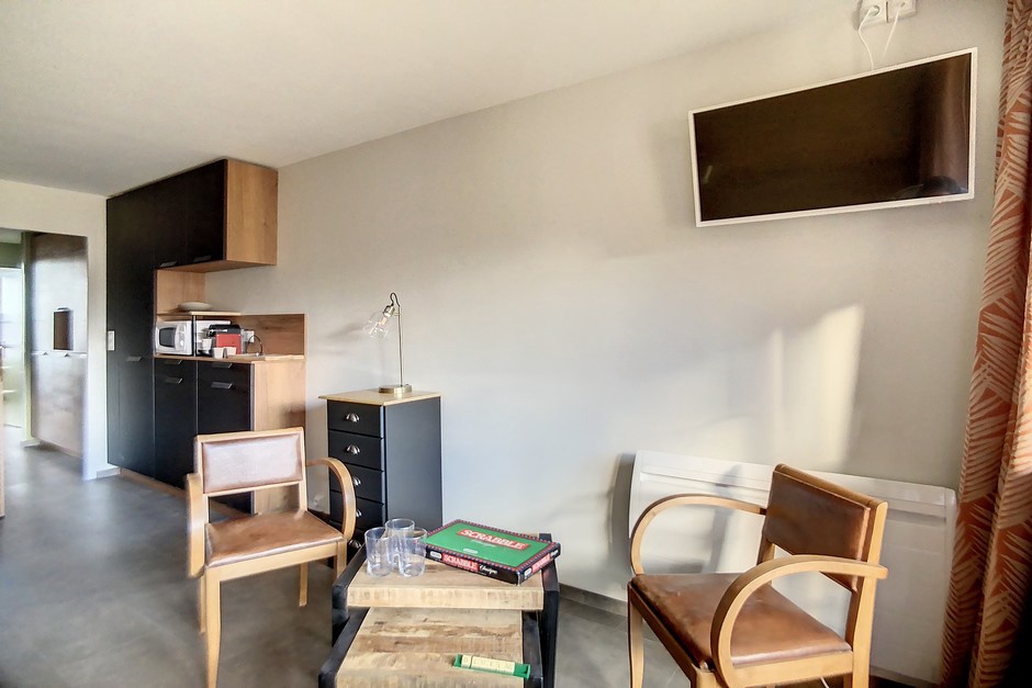 Living room: Lounge with dining room table, sofa bed for 2 pers, and TV
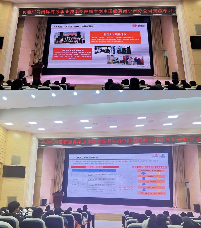南宁联通公司市场部杨经理及人力资源部沙经理分别向同学们介绍了南宁联通业务、技术覆盖范畴及南宁联通岗位晋升方向等,让同学们进一步了解就业市场和就业信息。
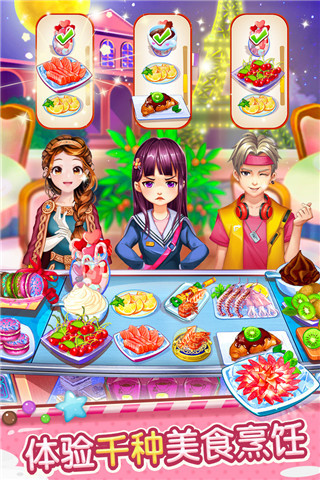 卡通写实的画风充分表达出美食的诱惑力。游戏中玩家扮演一名怀揣梦想的厨师,轻松驾驭多国菜肴。一边快速上菜,增长烹饪经验值,一边赚取金币和成就,扩张跨越全球的连锁餐厅帝国。
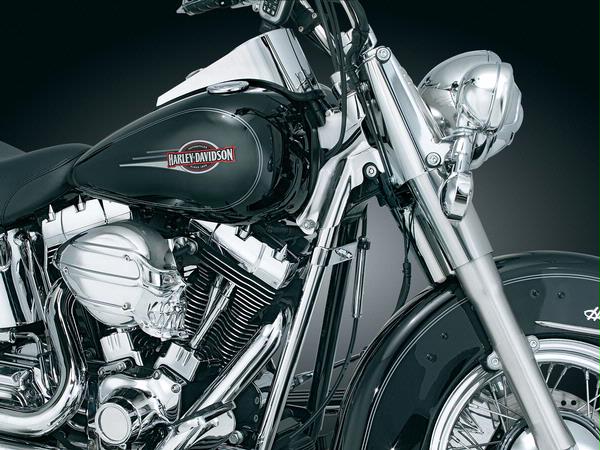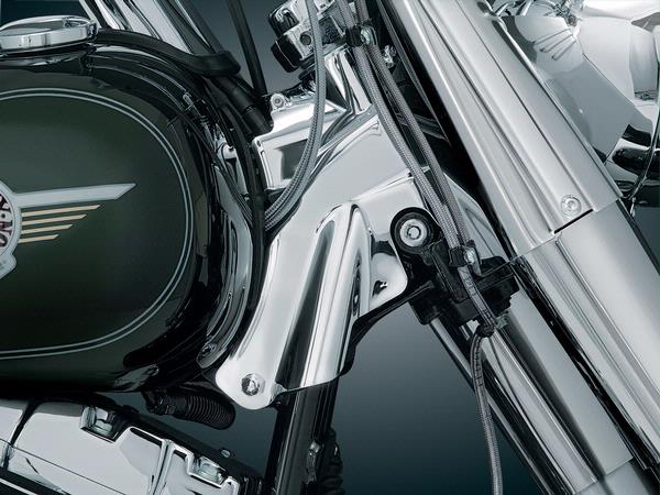 Masking the roughly finished forged frame neck on a Twin Cam Softail is now as easy as two screws & a few minutes of your time. We’ve designed smooth & cleanly contoured stamped steel neck covers to work on Softail Models equipped with fork tins (Heritage, Fat Boy, etc.) & Deuces. These beautifully chromed covers mask the wiring, giving your bike’s neck a finished appearance.Fits: ‘00-’06 FLST, FLSTC, FLSTF, FLSTN
========
* [Task details] The listing above, line by line: print it exactly, but not its pictures.

* [Response area]
 Living room: Lounge with dining room table, sofa bed for 2 pers, and TV
南宁联通公司市场部杨经理及人力资源部沙经理分别向同学们介绍了南宁联通业务、技术覆盖范畴及南宁联通岗位晋升方向等,让同学们进一步了解就业市场和就业信息。
 卡通写实的画风充分表达出美食的诱惑力。游戏中玩家扮演一名怀揣梦想的厨师,轻松驾驭多国菜肴。一边快速上菜,增长烹饪经验值,一边赚取金币和成就,扩张跨越全球的连锁餐厅帝国。
 Masking the roughly finished forged frame neck on a Twin Cam Softail is now as easy as two screws & a few minutes of your time. We’ve designed smooth & cleanly contoured stamped steel neck covers to work on Softail Models equipped with fork tins (Heritage, Fat Boy, etc.) & Deuces. These beautifully chromed covers mask the wiring, giving your bike’s neck a finished appearance.Fits: ‘00-’06 FLST, FLSTC, FLSTF, FLSTN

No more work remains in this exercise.